• REQUIRED WORK: An exact copy is needed of the lines in the entries below from the line with "会議規則に新たに2項目が追加され、今後、更なる議会での活発な議論が期待される" up to and including the line with "Fot. 2. Lśniąca", and of nothing else. Leave the pictures out.

• EXERCISE DATA:
►

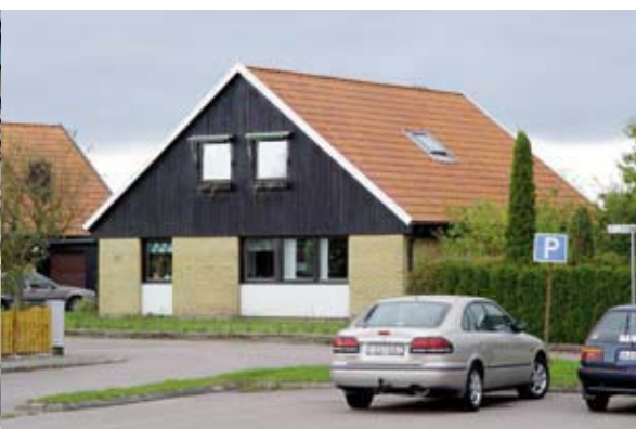
På 1970-talet blev det vanligt med 1½-planshus.

1968 ändrades reglerna för statliga bolån. Tidigare fick lägenhetsytan, inklusive inredningsbar vind, inte överstiga 125 kvadratmeter. Nu togs den övre ytgränsen bort. Under 1970-talet ökade därför storleken på småhusen betydligt. En annan påtaglig förändring i förhållande till 1960-talet var att småhusbebyggelsen fick större formrikedom samt fler typer av fasadmateriäl, som brunt och vitt tegel.
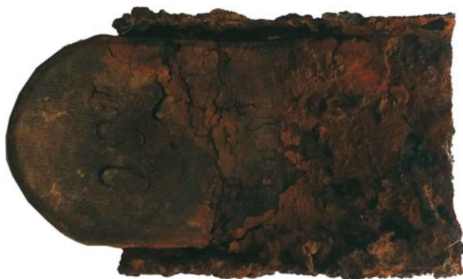
Cataramă de curea (SC/M.3) - revers
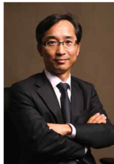
行长兼副董事长 竹田和史

作为“支持客户与社会持续发展，协助解决各项课题的最佳合作伙伴”，希望今后也能持续获得各位的支持和信赖。
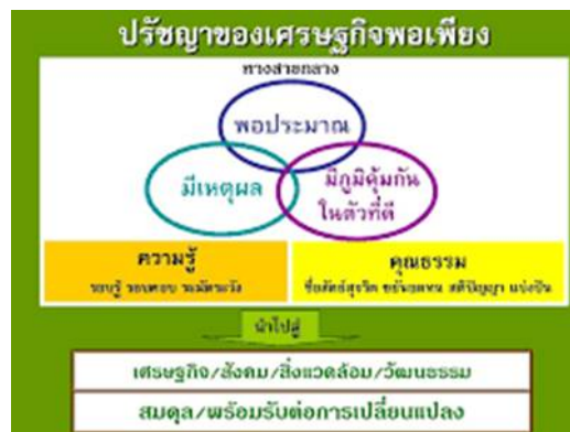
ภาพที่ 1 แสดงปรัชญาเศรษฐกิจพอเพียง

เศรษฐกิจพอเพียง หรือความพอเพียง หมายถึง ความพอประมาณ มีเหตุผล มีภูมิคุ้มกัน เพื่อให้สามารถป้องกันผลกระทบใด ๆ อันเกิดจากการเปลี่ยนแปลงทั้งภายนอกและภายใน โดยบุคคลหรือองค์กรจะรักษาให้เกิดความพอเพียงได้ต้องอาศัยความรู้ (รอบรู้ รอบคอบ ระมัดระวัง) และคุณธรรม (ซื่อสัตย์สุจริต ขยันหมั่นเพียร มีสติ และแบ่งปัน) เป็นรากฐาน ซึ่งเมื่อปฏิบัติตามหลักความพอเพียง หรือเศรษฐกิจพอเพียงแล้วจะนำไปสู่ความสามารถรองรับการเปลี่ยนแปลงอย่างรวดเร็วและกว้างขวาง ทั้งด้านวัตถุ (เศรษฐกิจ) สังคม สิ่งแวดล้อม และวัฒนธรรมจากโลกภายนอกได้เป็นอย่างดี 3
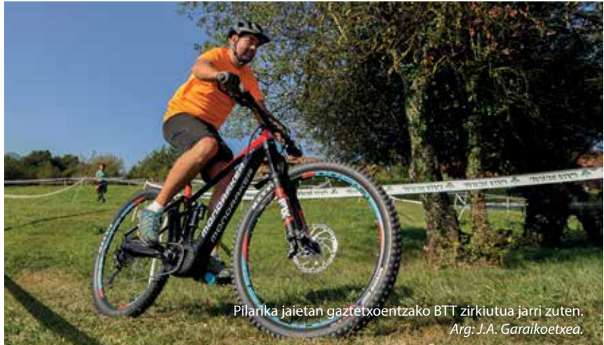
Pilarika jaietan gaztetxoentzako BTT zirkiutua jarri zuten.
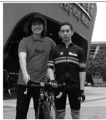
燃動家舍青年生命
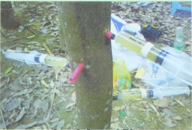
သစ်မွေးပင် မှိုဆေးသွင်းခြင်း
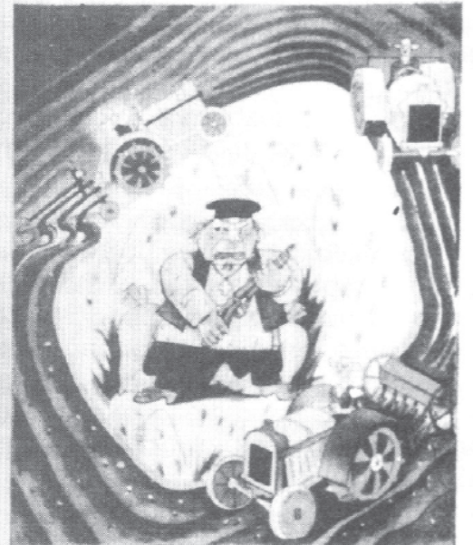
चित्र 18 - सामूहिकीकरण के दौर का एक पोस्टर। इसमें लिखा है : 'हम खेती में कमी लाने वाले कुलक पर वार करेंगे।'
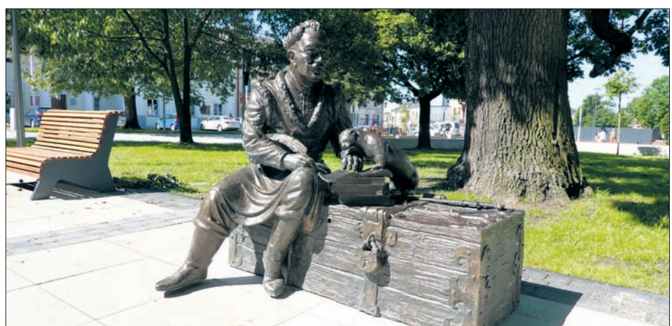
Jan Chryzostom Pasek i jego wydra.
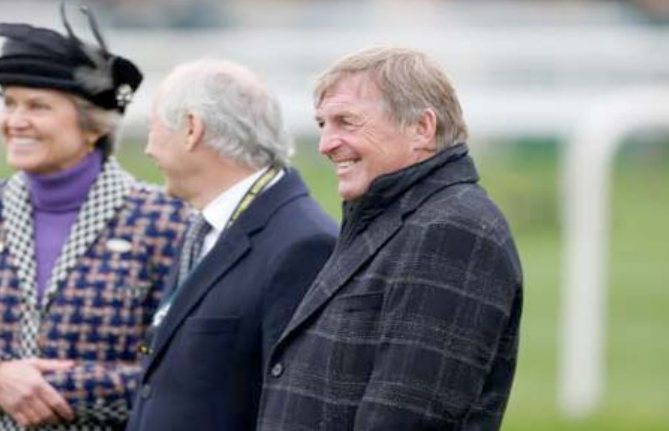
كيني دالغليش والأمير تشارلز

الناس ومساعدة الغير في وقت الحاجة". وحصل الأسطورة الاسكتلندي مع ليفربول كلاعب على لقب دوري الأبطال 3 مرات أعوام 1978 و 1981 و 1984 و الدوري الإنجليزي مرات، وكأس الاتحاد مرة واحدة. على صعيد آخر انضم ناديا سامبدوريا وجنوى، إلى أص من الأعمال الخيرية ومدينة ليفربول". وشهدت أسطورة ليفربول في الممثل توم هاردي، والمهاجم جيرمان ديفوي، والمبتكر جو مالوني على نفس اللقب. وقال دالغليش "أنا فخور، تفعل في الحياة ما علمته عائلتك أن تفعله، أي أن تتحلى بالثباتية مع
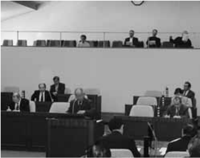
会議規則に新たに2項目が追加され、今後、更なる議会での活発な議論が期待される

■発行 北海道清水町議会 ■編集 清水町議会運営委員会 〒089-0192 上川郡清水町南4条2丁目 ☎62-2111・3317 FAX62-5160
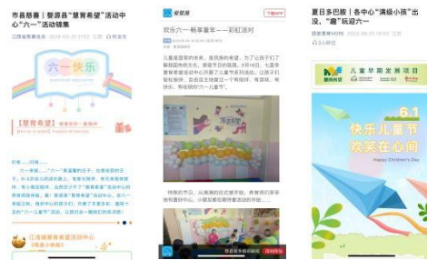
上图：江西省慈善总会官微、婺源县融媒体、宿迁市项目号进行六一主题传播
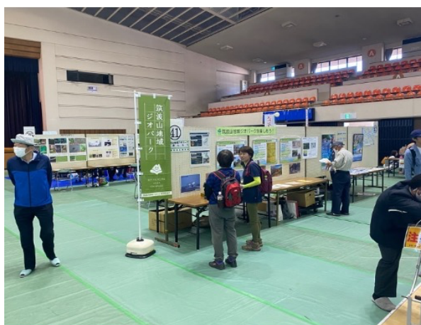
図 41 第 18 回土浦市環境展
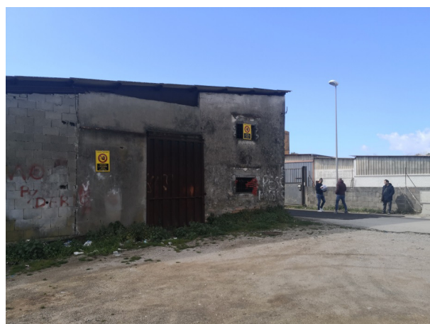
Figura 4: Fronte prospiciente area Demanio Marittimo
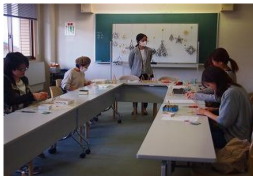
11/6 庄内子育て支援センター協働講座 「ヒンメリ作り」 【庄内図書館】
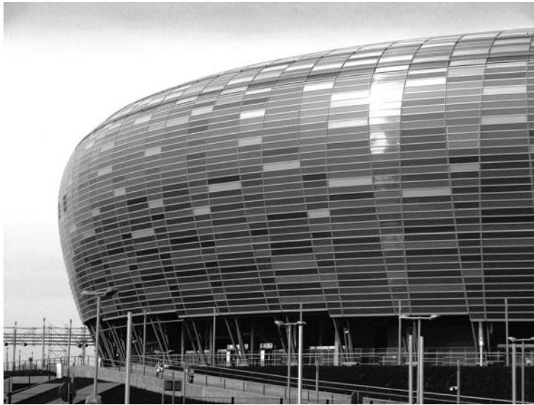
Fot. 2. Lśniąca w słońcu fasada stadionu PGE Arena

Gdańsk nie było zadaniem łatwym. Jak pisał Rasmussen: Trudność polega na tym, że dzieło architektoniczne powinno przetrwać aż w odległą przyszłość. Architekt tworzy scenografię dla długiej powoli toczącej się akcji, musi więc ona być na tyle elastyczna, by dostosować się do nieprzewidzianych improwizacji. Na etapie projektowania budynek powinien w miarę możliwości wyprzedzać swój czas, by pasował do okresu, na jaki przypadnie jego życie [Rasmussen 1999]. W przypadku budynków tak zaawansowanych technicznie i tak bardzo wpisanych we współczesny konsumpcyjny tryb życia, jak obiekty widowiskowo-sportowe tworzenie rozwiązań nowoczesnych, będących odpowiedzią na potrzeby dzisiejszego świata jest szczególnie istotne. Mało kto się zastanawia, z którymi wytworami naszej architektury społeczeństwo za sto lub dwieście lat będzie mogło nawiązać dialog. Wartością prawdziwej architektury jest bowiem to, że „żyje i mówi”. Każde pokolenie szuka swojego samookreślenia w symbolach; architektura jest takim symbolem, gdyż charakteryzuje zbiorowość twórczą i estetyczną. Potrzebujemy tego by nie stać się „pokoleniem bezbarwnym [L. Taraszkiewicz 2002].
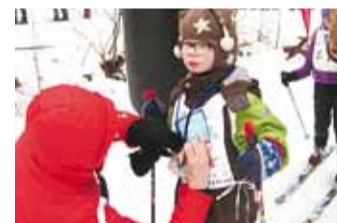
Finišiaeg pandi kirja.
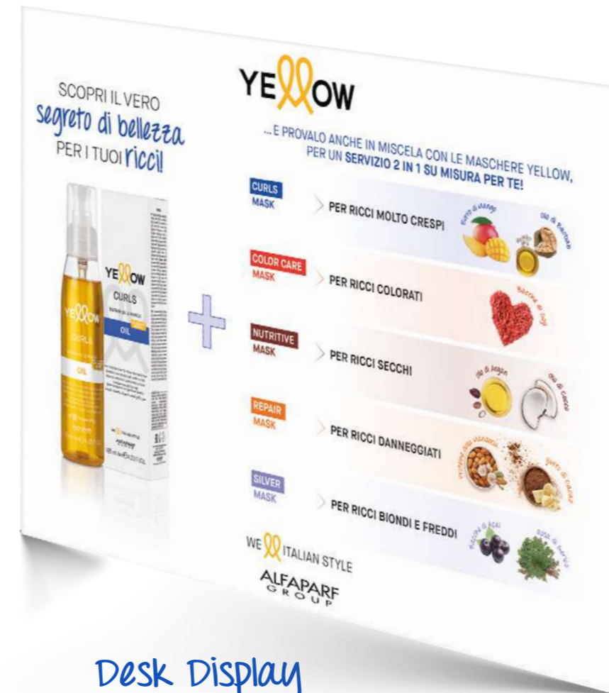
Desk Display PARA DESPERTAR A CURIOSIDADE DOS SEUS CLIENTES E INCENTIVAR A REVENDA.
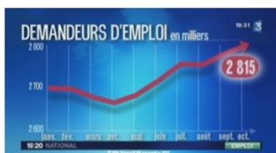
JT – 20h – France 3
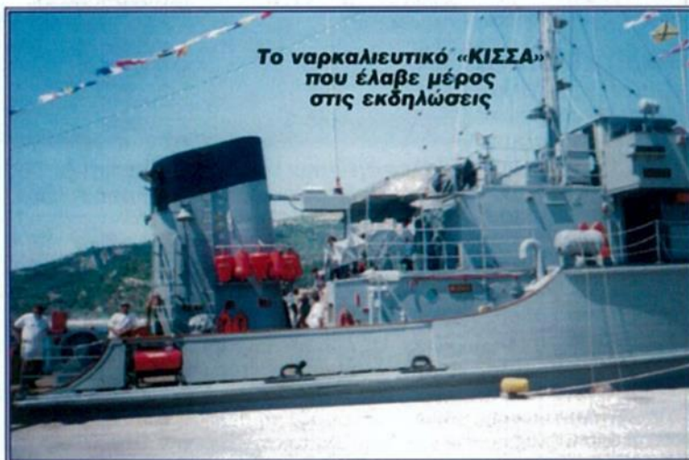
Το ναρκαλιευτικό «ΚΙΣΣΑ» που έλαβε μέρος στις εκδηλώσεις

συνη Δέηση παρουσία Τοπικών Αρχών. Ρύψη στεφάνου στη θάλασσα από το Δήμαρχο Κύμης. Ρύψη πυροτεχνημάτων, Δεξίωση. Οι εκδηλώσεις έγιναν από τους φορείς: Υπολιμεναρχείο Κύμης Ανωτάτη Σχολή Εμπορικού Ναυτικού Κύμης Δήμοι Κύμης Λιμενικό Ταμείο Κύμης Πολιτιστικός Σύλλογος Πλατάνας

◄

• OUTPUT OF THE TASK:
会議規則に新たに2項目が追加され、今後、更なる議会での活発な議論が期待される

■発行 北海道清水町議会 ■編集 清水町議会運営委員会 〒089-0192 上川郡清水町南4条2丁目 ☎62-2111・3317 FAX62-5160
上图：江西省慈善总会官微、婺源县融媒体、宿迁市项目号进行六一主题传播
図 41 第 18 回土浦市環境展
Figura 4: Fronte prospiciente area Demanio Marittimo
11/6 庄内子育て支援センター協働講座 「ヒンメリ作り」 【庄内図書館】
Fot. 2. Lśniąca w słońcu fasada stadionu PGE Arena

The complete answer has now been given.